▶ _To do_
Starting at the line that has "At one point" and stopping after the line that has "A pair of Regency", reproduce the listing below exactly; omit everything else.

▶ _The data_
■ ■ ■ ■ ■
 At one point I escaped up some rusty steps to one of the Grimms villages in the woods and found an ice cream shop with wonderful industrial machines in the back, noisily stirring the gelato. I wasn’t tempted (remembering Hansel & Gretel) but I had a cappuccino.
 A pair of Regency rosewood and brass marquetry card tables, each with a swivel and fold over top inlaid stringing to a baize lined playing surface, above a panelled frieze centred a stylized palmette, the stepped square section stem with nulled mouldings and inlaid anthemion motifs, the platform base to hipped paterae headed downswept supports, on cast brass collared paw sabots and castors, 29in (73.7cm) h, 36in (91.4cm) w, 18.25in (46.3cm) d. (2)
■ ■ ■ ■ ■
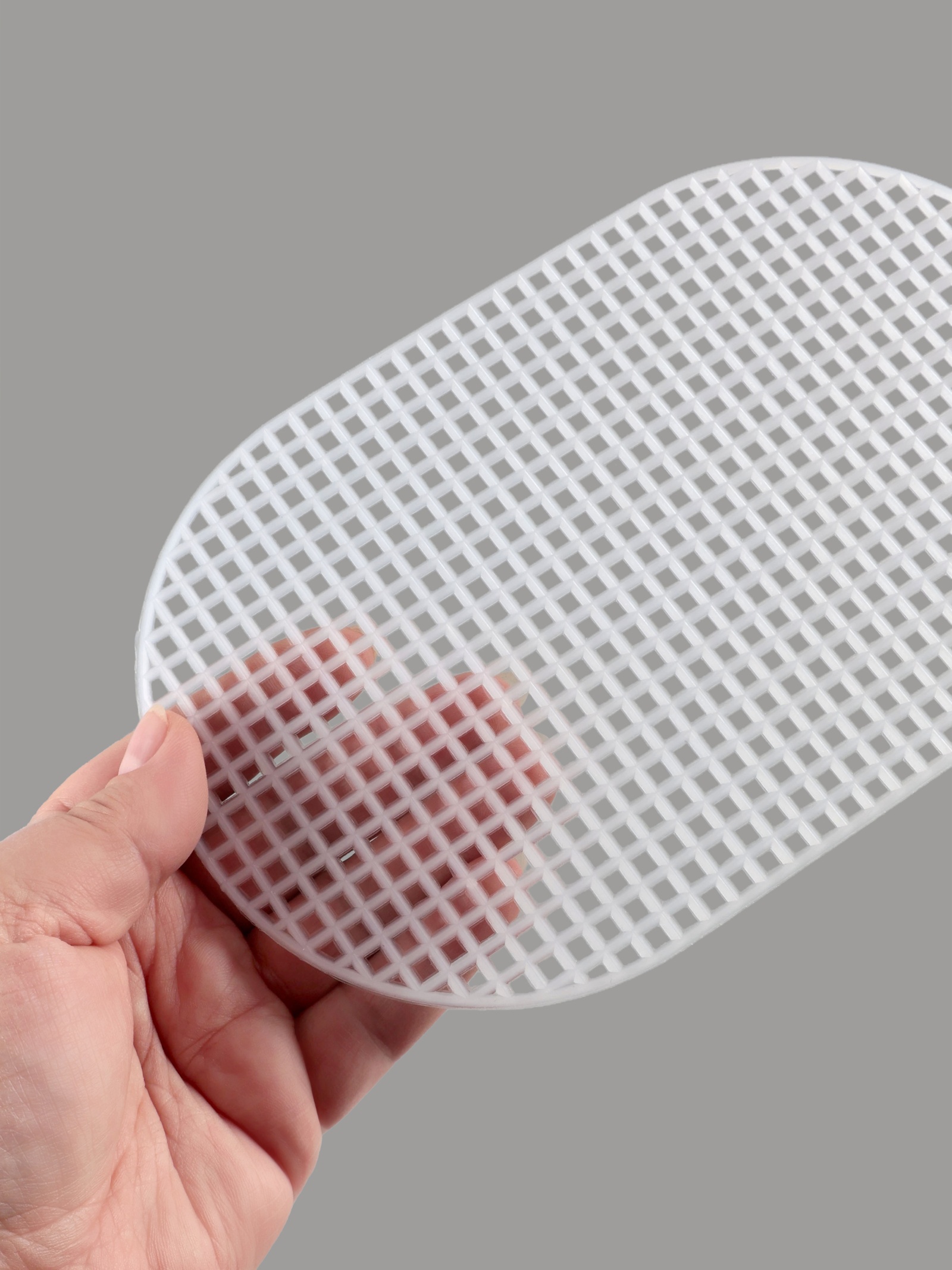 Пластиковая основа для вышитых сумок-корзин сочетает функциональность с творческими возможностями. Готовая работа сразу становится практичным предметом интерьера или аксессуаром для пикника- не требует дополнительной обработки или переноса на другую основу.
■ ■ ■ ■ ■
▶ _Answer section_
 At one point I escaped up some rusty steps to one of the Grimms villages in the woods and found an ice cream shop with wonderful industrial machines in the back, noisily stirring the gelato. I wasn’t tempted (remembering Hansel & Gretel) but I had a cappuccino.
 A pair of Regency rosewood and brass marquetry card tables, each with a swivel and fold over top inlaid stringing to a baize lined playing surface, above a panelled frieze centred a stylized palmette, the stepped square section stem with nulled mouldings and inlaid anthemion motifs, the platform base to hipped paterae headed downswept supports, on cast brass collared paw sabots and castors, 29in (73.7cm) h, 36in (91.4cm) w, 18.25in (46.3cm) d. (2)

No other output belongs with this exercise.